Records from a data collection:
-----

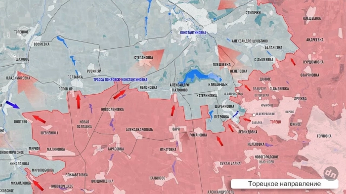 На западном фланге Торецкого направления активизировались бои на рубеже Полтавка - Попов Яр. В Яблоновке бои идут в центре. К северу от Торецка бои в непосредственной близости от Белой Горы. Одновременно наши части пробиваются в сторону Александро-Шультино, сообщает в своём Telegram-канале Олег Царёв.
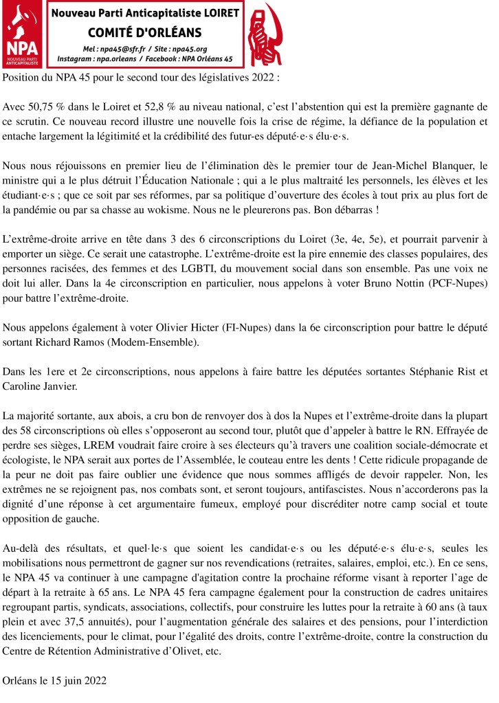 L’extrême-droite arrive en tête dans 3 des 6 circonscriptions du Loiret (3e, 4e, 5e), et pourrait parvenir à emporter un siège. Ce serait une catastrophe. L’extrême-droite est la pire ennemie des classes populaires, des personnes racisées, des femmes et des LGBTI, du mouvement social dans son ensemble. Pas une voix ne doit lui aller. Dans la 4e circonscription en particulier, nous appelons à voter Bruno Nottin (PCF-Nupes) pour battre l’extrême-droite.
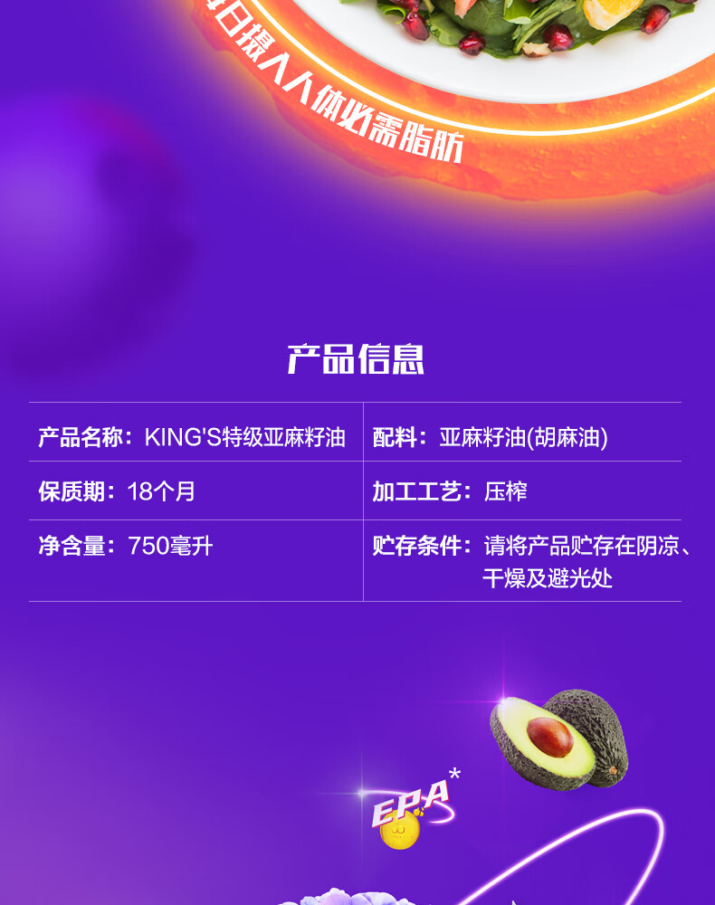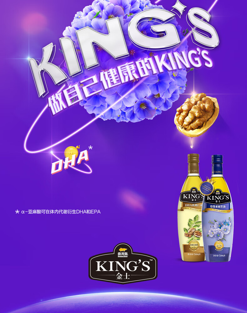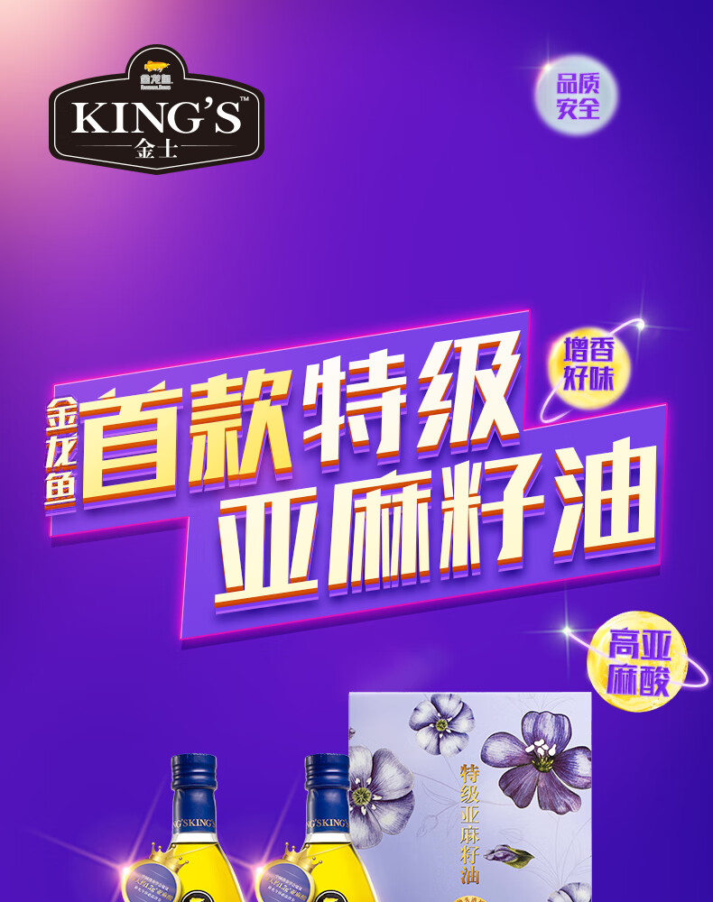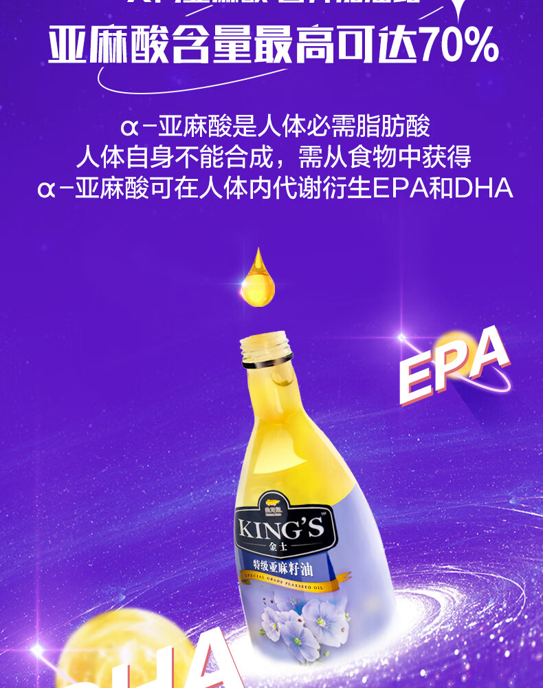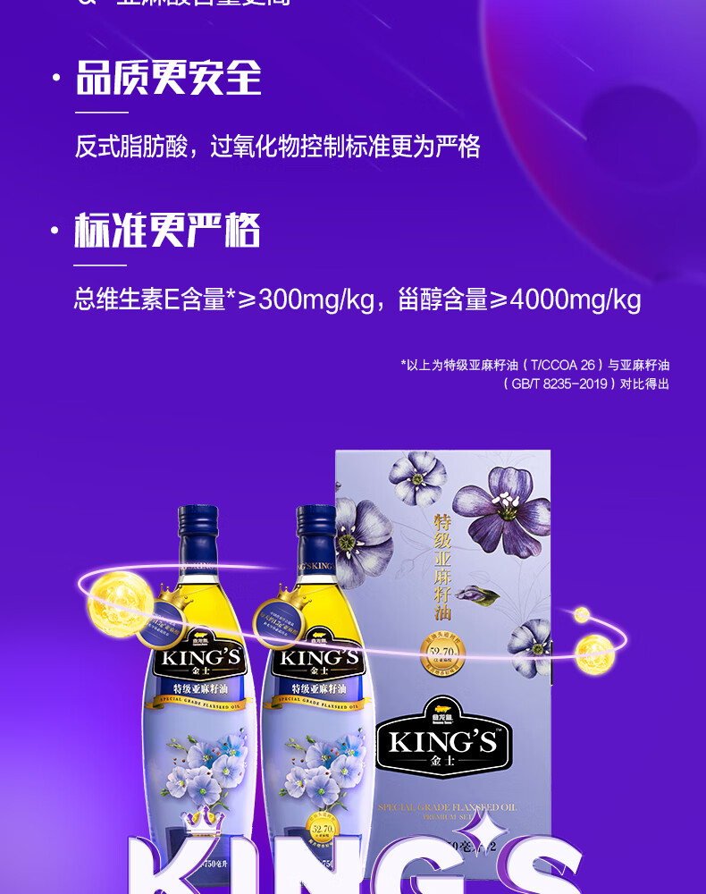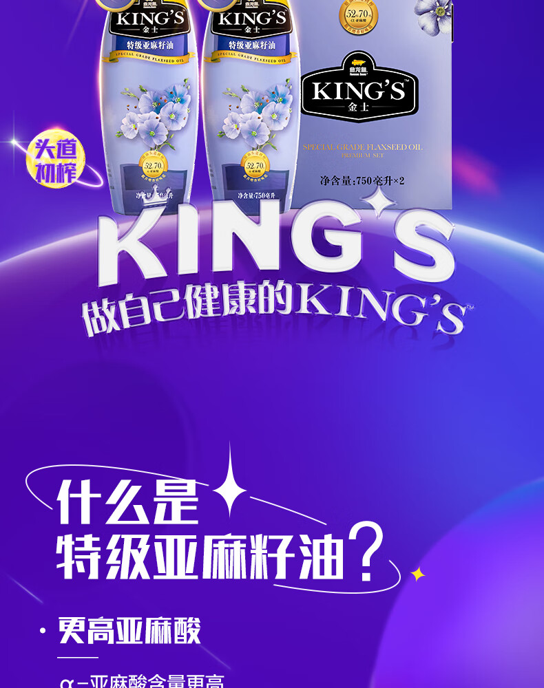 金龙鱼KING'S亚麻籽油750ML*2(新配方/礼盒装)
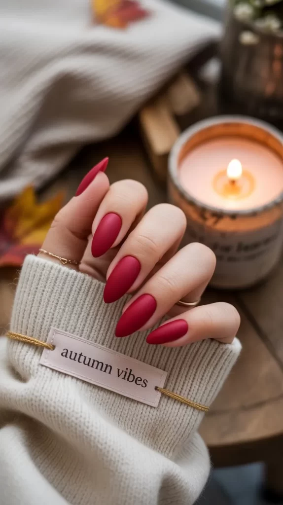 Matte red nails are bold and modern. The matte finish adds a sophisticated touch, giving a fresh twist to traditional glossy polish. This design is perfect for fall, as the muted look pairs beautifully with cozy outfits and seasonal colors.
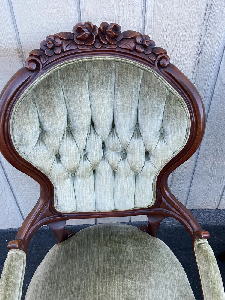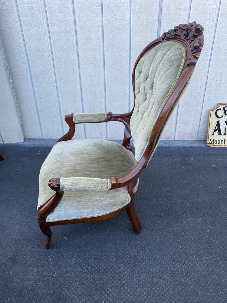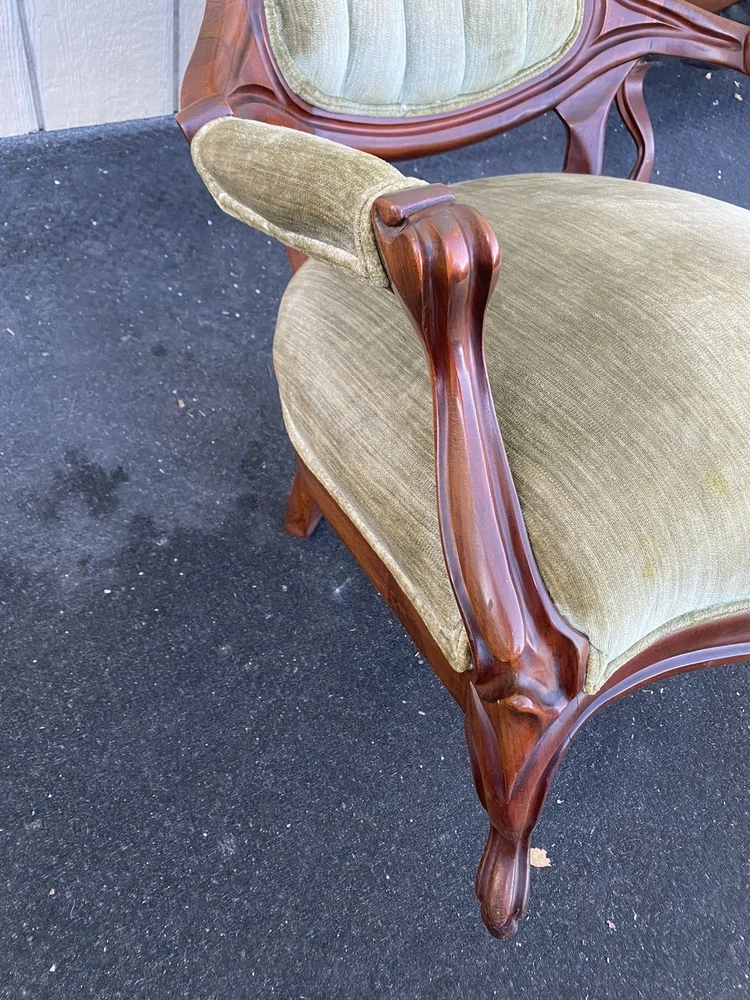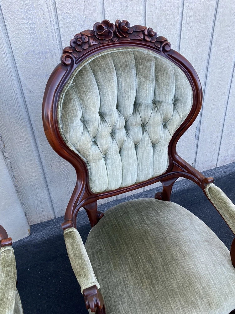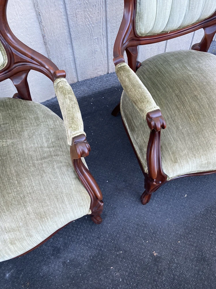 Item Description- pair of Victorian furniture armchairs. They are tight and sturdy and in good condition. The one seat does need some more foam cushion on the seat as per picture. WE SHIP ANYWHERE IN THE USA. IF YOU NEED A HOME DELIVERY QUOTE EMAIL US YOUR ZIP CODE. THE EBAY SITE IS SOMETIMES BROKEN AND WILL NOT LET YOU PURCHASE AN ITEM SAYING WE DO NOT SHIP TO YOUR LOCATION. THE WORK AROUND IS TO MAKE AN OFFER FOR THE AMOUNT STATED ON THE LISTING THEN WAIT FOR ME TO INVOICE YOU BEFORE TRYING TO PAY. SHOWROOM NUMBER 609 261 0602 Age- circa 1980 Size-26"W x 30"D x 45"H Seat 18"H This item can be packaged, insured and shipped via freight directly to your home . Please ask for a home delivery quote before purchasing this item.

-----

WHAT YOU SHOULD DO
Word for word, return all the entries and skip their pictures.

COMPLETED EXERCISE
 На западном фланге Торецкого направления активизировались бои на рубеже Полтавка - Попов Яр. В Яблоновке бои идут в центре. К северу от Торецка бои в непосредственной близости от Белой Горы. Одновременно наши части пробиваются в сторону Александро-Шультино, сообщает в своём Telegram-канале Олег Царёв.
 L’extrême-droite arrive en tête dans 3 des 6 circonscriptions du Loiret (3e, 4e, 5e), et pourrait parvenir à emporter un siège. Ce serait une catastrophe. L’extrême-droite est la pire ennemie des classes populaires, des personnes racisées, des femmes et des LGBTI, du mouvement social dans son ensemble. Pas une voix ne doit lui aller. Dans la 4e circonscription en particulier, nous appelons à voter Bruno Nottin (PCF-Nupes) pour battre l’extrême-droite.
 金龙鱼KING'S亚麻籽油750ML*2(新配方/礼盒装)
 Matte red nails are bold and modern. The matte finish adds a sophisticated touch, giving a fresh twist to traditional glossy polish. This design is perfect for fall, as the muted look pairs beautifully with cozy outfits and seasonal colors.
 Item Description- pair of Victorian furniture armchairs. They are tight and sturdy and in good condition. The one seat does need some more foam cushion on the seat as per picture. WE SHIP ANYWHERE IN THE USA. IF YOU NEED A HOME DELIVERY QUOTE EMAIL US YOUR ZIP CODE. THE EBAY SITE IS SOMETIMES BROKEN AND WILL NOT LET YOU PURCHASE AN ITEM SAYING WE DO NOT SHIP TO YOUR LOCATION. THE WORK AROUND IS TO MAKE AN OFFER FOR THE AMOUNT STATED ON THE LISTING THEN WAIT FOR ME TO INVOICE YOU BEFORE TRYING TO PAY. SHOWROOM NUMBER 609 261 0602 Age- circa 1980 Size-26"W x 30"D x 45"H Seat 18"H This item can be packaged, insured and shipped via freight directly to your home . Please ask for a home delivery quote before purchasing this item.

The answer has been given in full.